Japan’s unemployment rate edged up to 4.2% in December from 4.1% in November. Monthly consumption expenditures per household for December was down 0.7% (y/y), following a 0.2% increase in November.

Markit's manufacturing PMI for the Euro Area rose to an 11-month high of 47.9 in January from 46.1 in December, suggesting that the pace of contraction in Eurozone manufacturing activity may be easing.

Manufacturing PMI for Germany rose sharply to 49.8 in January, close to the 50-mark dividing contraction from expansion, from 46.0 in December. PMIs also improved in Italy (to a 10-month high of 47.8 from 46.7) and Spain (to 46.1 from 44.6).
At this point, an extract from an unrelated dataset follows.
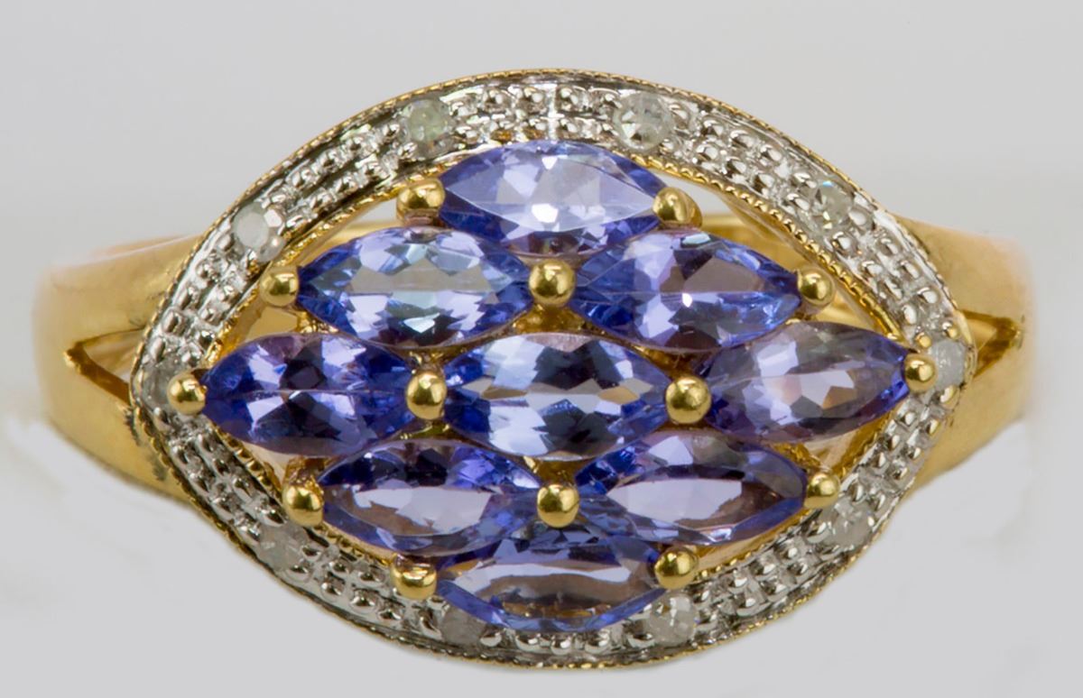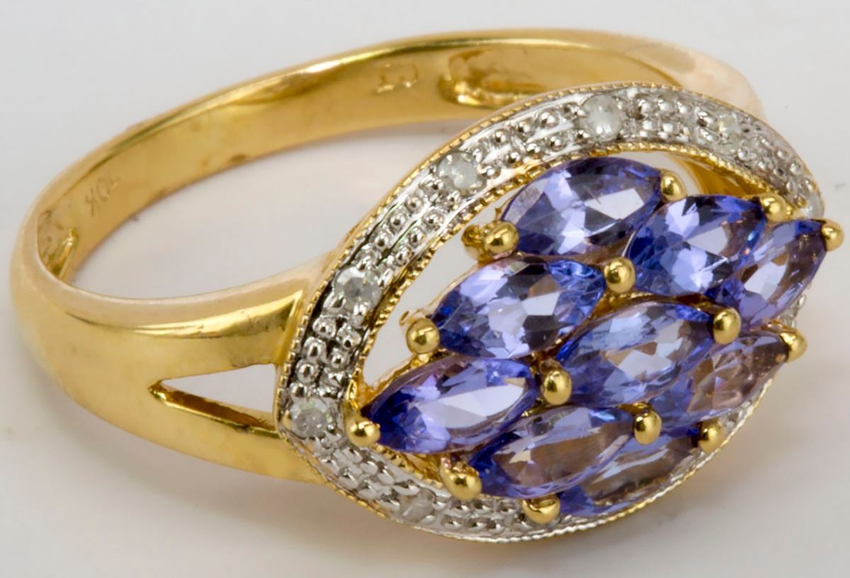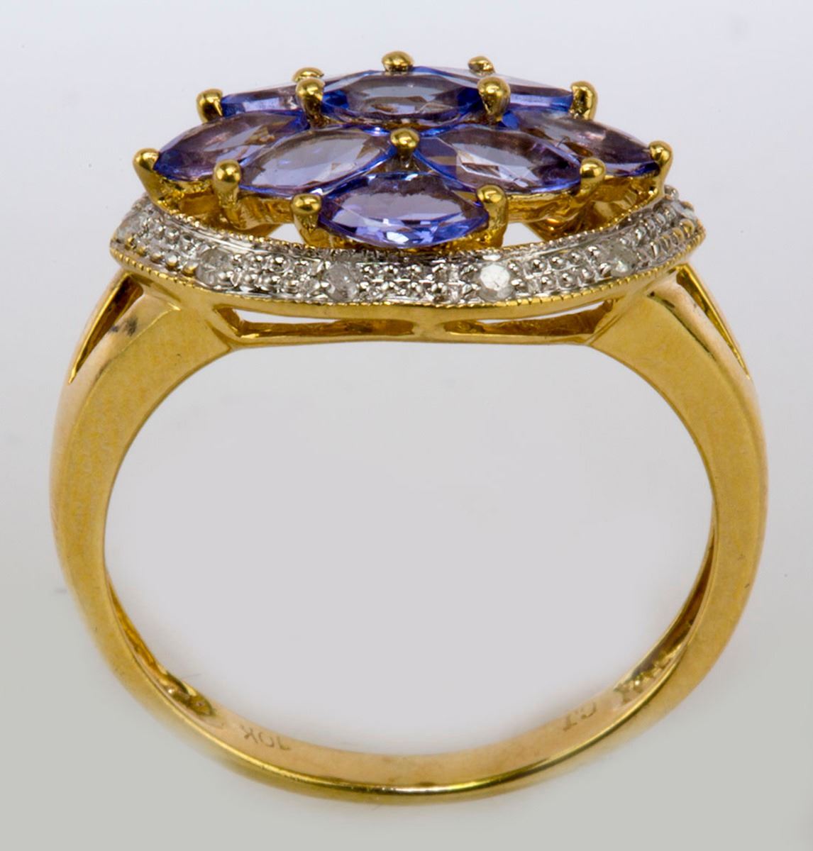 One electronically tested 10KT yellow gold ladies combination cast & assembled tanzanite and diamond ring with a bright polish finish. Identified with markings of "10K". Condition is very good. Containing: Nine prong set marquise modified brilliant cut natural tanzanites, measuring 5.00 x 2.50 x 1.63mm, approximate total weight of 1.17ct., clarity is eye clean, type I, medium light, moderately strong, bluish violet color, cut is good. Ten prong set single cut diamonds, measuring 1.00 - 1.00 x 0.60mm (depth est.) approximate total weight of 10 Stones = 0.04ct. Clarity: I-1 to I-3. Color: H - I. Approximate Total Weight of Colored Stones 1.17ct. Approximate Total Weight of Diamonds 0.04ct. Total Weight of Ring 2.80gm. Ring Size 6.75. The descriptions listed should not be construed as an appraisal. The detail is provided as a guideline for color, clarity, weights and measurements to the best of our ability. We welcome inspections. WE SHIP WORLDWIDE!

But PMI for France fell to a 4-month low of 42.9 from 44.6 in December, as output, new orders, employment and stocks of purchases all contracted at accelerated rates.    

Manufacturing PMI for the UK fell 50.8 from 51.2 in December, indicating continued expansion but at a slower pace. This mainly reflected a robust increase in consumer goods production, offset by falling investment goods output.

The HSBC-Markit manufacturing PMI for South Korea edged down below the 50-mark to 49.9 from 50.1 indicating a modest fall in manufacturing output as weaker domestic orders offset an increase in export orders. 

South Korea's exports rose 11.3% (y/y) in January, the most in 11 months, while imports grew 3.9%. South Korea's consumer price inflation edged up to 1.5% (y/y) in January from 1.4% in December, remaining well below the central bank's 2.5%-3.5% target range. On a month-on-month basis, consumer prices rose 0.6% (m/m).  
The HSBC-Markit PMI for the Czech Republic rose to 48.3 from a 41-month low of 46.0 in December, indicating a moderation in the pace of decline in manufacturing, as new export business with European markets fell at a weaker pace.
Developing EconomiesBrazil's industrial production declined 3.6% (y/y) in December driven by 14.7% fall in production of capital goods. On a monthly basis, industrial production remained unchanged in December after decreasing 1.3% in November. For the whole of 2012, industrial production decreased 2.7% (y/y).

Meanwhile, Brazil’s Markit/ HSBC manufacturing sector PMI increased to 53.2 in January from 51.1 in December, indicating a stronger performance of manufacturing industry at the start of the year.

China's official and Markit/HSBC PMIs both indicate a continued expansion of manufacturing sector, however the signals on the pace of expansion differ. The official PMI, which weakened to 50.4 in January from 50.6 in December, indicated a modest slowdown in manufacturing activity. Markit/HSBC PMI on the other hand indicated that Chinese manufacturing activity expanded at the fastest pace in two years in January, with the headline PMI rising to 52.3 in January from 51.5 in December.

Indonesia experienced a sharp 1.03% monthly increase in consumer price inflation as heavy floods pushed food prices up. On an annual basis, inflation accelerated to 4.57% (y/y) in January from 4.3% in December. Core inflation, however, eased to 4.3% (y/y) in January from 4.4% in December.

Indonesia's trade deficit declined to US$0.15billion in December from US$478billion million in November on slowing imports and weak exports. In December, Indonesia's exports declined by 9.8% on an annual basis and by 5.6% on a monthly basis and imports fell by 5.6% (y/y) and by 8.1% (m/m). For 2012 as a whole, Indonesia recorded a trade deficit of US$1.63 billion, as its commodity-led exports were hit by the global slowdown, while imports accelerated. Total exports in 2012 fell 6.6% (y/y) to $190.04 billion, while imports rose 8.0% (y/y) to $191.67 billion.

CPI inflation eased to 2.65% (y/y) in January from 2.87% in December.

Thailand also saw its consumer price inflation moderating to 3.39% (y/y) in January from 3.63% in December with a 1.59% increase in core CPI, significantly below the central bank's 0.5%-3.0%.targeted range.